June 30, 2010

116th BCT Soldiers relive Gettysburg

By Maj. Nevin Blankenship
116th Brigade Combat Team Public Affairs

GETTYSBURG, Pa. — Senior leaders from 116th Brigade Combat Team spent a day reliving the Battle of Gettysburg during a staff ride June 18.


Soldiers from 116th Brigade Combat Team in front of the Virginia Memorial monument at the Gettysburg battlefield.
(Photo by Maj. Nevin Blankenship, 116th BCT Public Affairs)

Soldiers were assigned a key leader to do an in-depth study on that person and the battle role.  The preliminary study helps facilitate the staff ride by each Soldier giving input at each stop on their respective role.  
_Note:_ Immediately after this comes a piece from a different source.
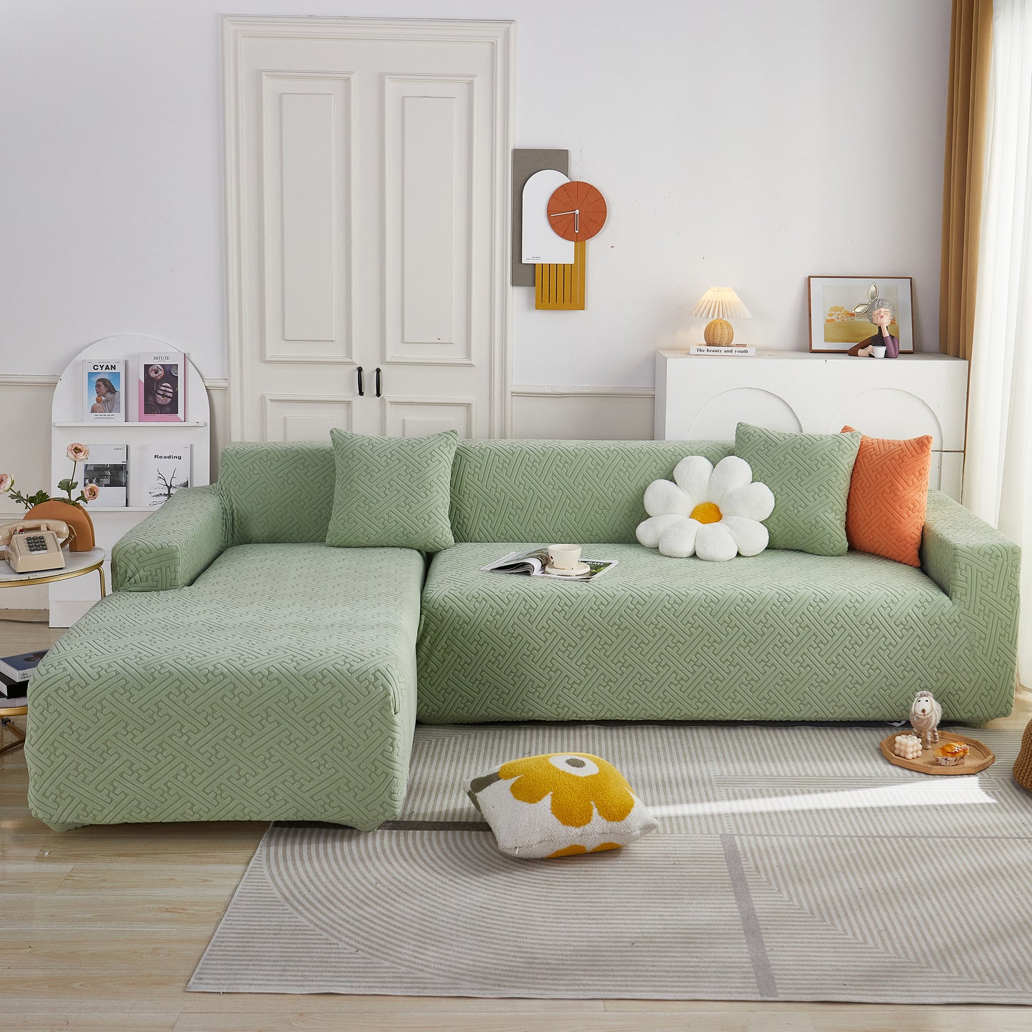 Soft, stretchable L-shape sectional sofa cover with full protection. This stretch furniture protector couch slipcover includes a free pillowcase, is easy to install, stays in place, and is machine washable—perfect for homes with kids and pets.

The Battle of Gettysburg was a chance meeting in July 1863 between the General Robert E. Lee’s Army of Northern Virginia and the Union Army of the Potomac led by Maj. General George G. Meade.

Gettysburg was the great battle of the Civil War and it marked the point when ultimate victory for the Union became clear to both sides. More men fought and died at Gettysburg than in any other battle in American history.


Soldiers from 116th Brigade Combat Team listen to Col. A. Dwight Raymond (ret.), U.S. Army War College, at a stop during the Gettysburg staff ride. (Photo by Maj. Nevin Blankenship, 116th BCT Public Affairs)

The Soldiers are able to see what the key leader say the day of the battle at each site. They use the terrain and battle timeline to analyze what their leader was thinking during the battle and describe their actions.

“We do staff rides to gain insight into the tactical, operational and strategic aspects of the Gettysburg campaign and apply lessons learned to contemporary operations,” said Col. William J. Coffin, the deputy commander of the 116th Brigade Combat Team.

Soldiers are able to see the effects of the decisions on the battlefield and are able to apply this knowledge in their own decision making. They see how effective leaders can influence subordinates to do great things in dire circumstances.

Soldiers deal with the same issues that the leaders did back in 1863. The key is to learn how leaders dealt with the issues then and how they should deal with them now to be better leaders.

“I always enjoy giving insights to the battle to leaders and I am honored to do another staff ride with the Stonewall Brigade,” said Col. A. Dwight Raymond (ret.), director of Second Year Studies, U.S. Army War College.

This was the third consecutive year that the brigade has conducted a staff ride and is planning to conduct one staff ride per year in the future.